> **Problem statement**
Repeat the entries below exactly, pictures excluded.

> **Dataset entries**
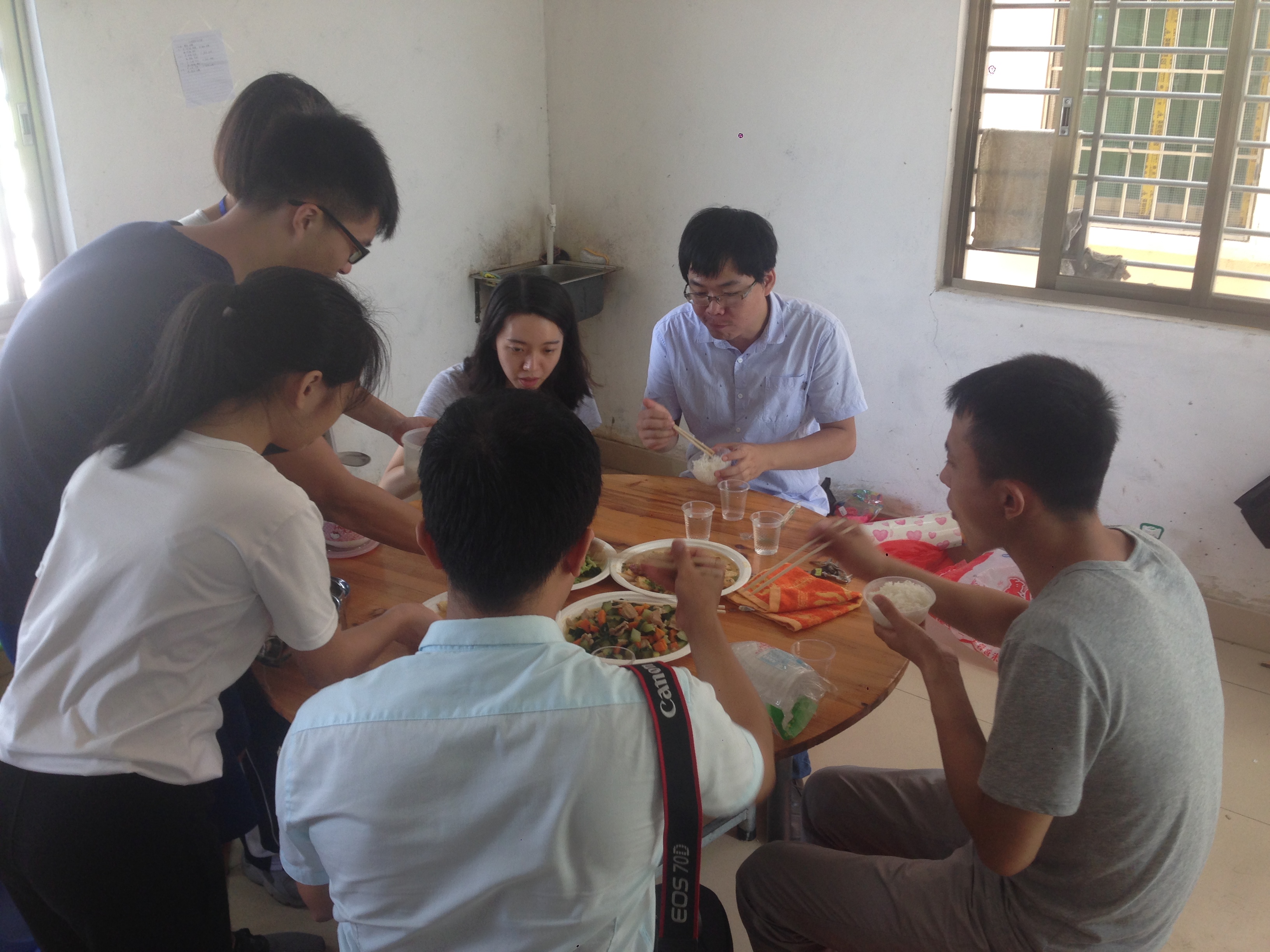 为了更好的贴近三下乡队员们的生活,四位辅导员老师还留下与队员们共进午餐。老师们纷纷称赞实践队队员的厨艺,充分肯定了后勤组队员的努力。餐桌上,大家都其乐融融,欢声笑语。临近探访结束,辅导员和队员们一起合影留念,并勉励大家要继续努力,发扬岭师学子的团结拼搏、开拓进取的精神。
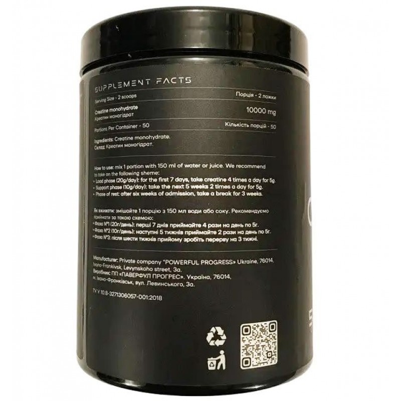 CREA-TOR MICRONIZED от бренда POWERFUL PROGRESS - полностью очищенный креатин моногидрат. Креатин - это натуральный компонент, который находится в небольших количествах в пищевых источниках, таких как мясные продукты или рыба. CREA-TOR прекрасно комбинируется с другим спортивным питанием, что позволяет значительно повысить эффективность добавки и результативность. CREA-TOR MICRONIZED повышает уровень задержки воды в мышечных тканях. Это обеспечивает все необходимые условия для синтеза белков после физических упражнений.
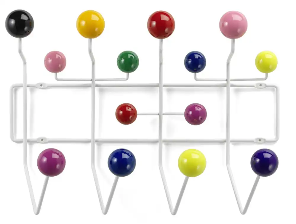 Die berühmte Garderobe Hang it all von Charles Eames ist eine fröhliche Alternative zum gewöhnlichen Kleiderhaken. Der Name drückt bereits aus, was das Eames Ehepaar (die ursprüngliche Farbgebung basiert auf einem Farbkonzept von Ray Eames) mit diesem Entwurf von 1953 bezwecken wollte – die bunten Holzkugeln der Hang it all sollte Kinder ermuntern, ihre Kleidung daran aufzuhängen.
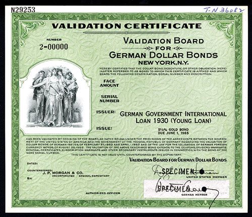 Germany - New York, 1953, 7% Gold Bond, Black on green border and underprint, Allegorical figures on left, Specimen overprints, POC's. S/N 1-00000. Rare specimen certificate. ABNC.
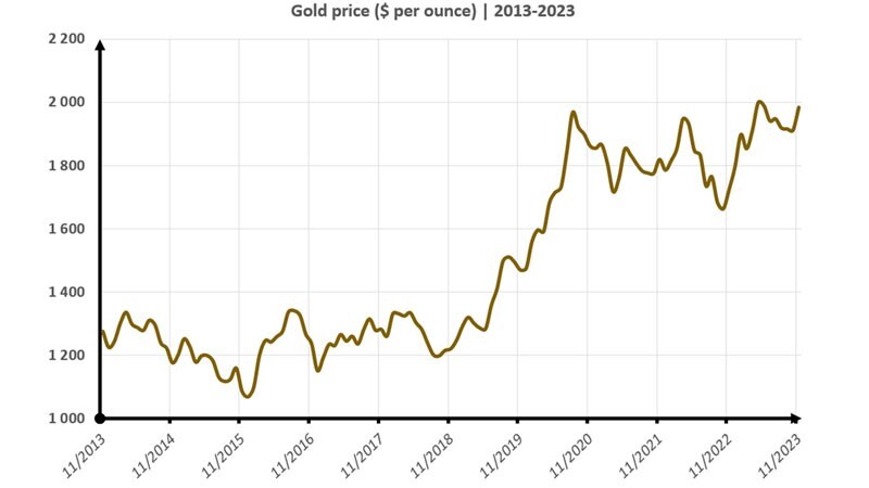 قیمت اونس طلا سال ۲۰۲۳
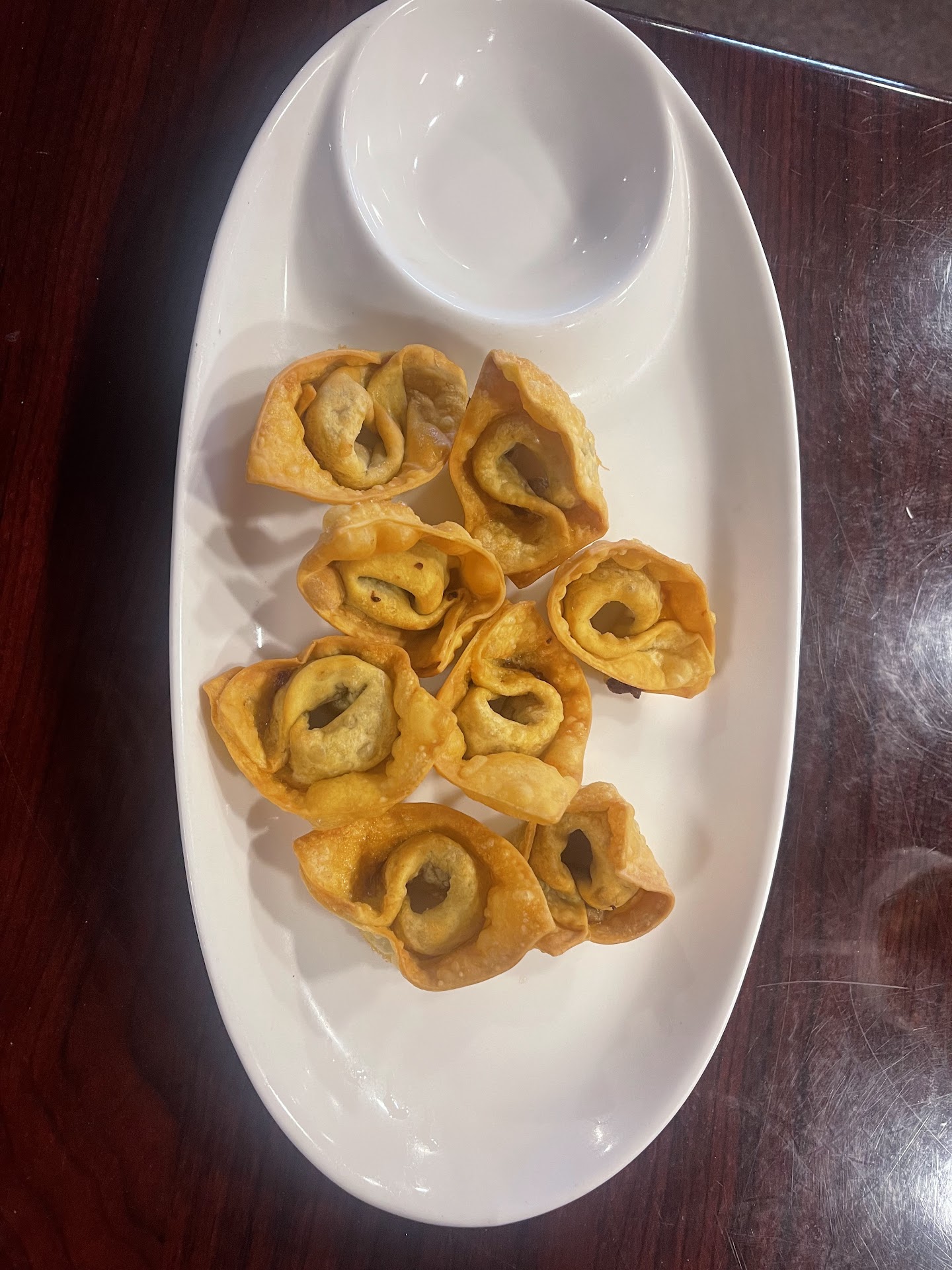 The fried wontons came out at 6:50 PM, but they were super dry and tasteless. I had to drink a lot of Dr Pepper just to get them down.

> **Solved exercise**
 为了更好的贴近三下乡队员们的生活,四位辅导员老师还留下与队员们共进午餐。老师们纷纷称赞实践队队员的厨艺,充分肯定了后勤组队员的努力。餐桌上,大家都其乐融融,欢声笑语。临近探访结束,辅导员和队员们一起合影留念,并勉励大家要继续努力,发扬岭师学子的团结拼搏、开拓进取的精神。
 CREA-TOR MICRONIZED от бренда POWERFUL PROGRESS - полностью очищенный креатин моногидрат. Креатин - это натуральный компонент, который находится в небольших количествах в пищевых источниках, таких как мясные продукты или рыба. CREA-TOR прекрасно комбинируется с другим спортивным питанием, что позволяет значительно повысить эффективность добавки и результативность. CREA-TOR MICRONIZED повышает уровень задержки воды в мышечных тканях. Это обеспечивает все необходимые условия для синтеза белков после физических упражнений.
 Die berühmte Garderobe Hang it all von Charles Eames ist eine fröhliche Alternative zum gewöhnlichen Kleiderhaken. Der Name drückt bereits aus, was das Eames Ehepaar (die ursprüngliche Farbgebung basiert auf einem Farbkonzept von Ray Eames) mit diesem Entwurf von 1953 bezwecken wollte – die bunten Holzkugeln der Hang it all sollte Kinder ermuntern, ihre Kleidung daran aufzuhängen.
 Germany - New York, 1953, 7% Gold Bond, Black on green border and underprint, Allegorical figures on left, Specimen overprints, POC's. S/N 1-00000. Rare specimen certificate. ABNC.
 قیمت اونس طلا سال ۲۰۲۳
 The fried wontons came out at 6:50 PM, but they were super dry and tasteless. I had to drink a lot of Dr Pepper just to get them down.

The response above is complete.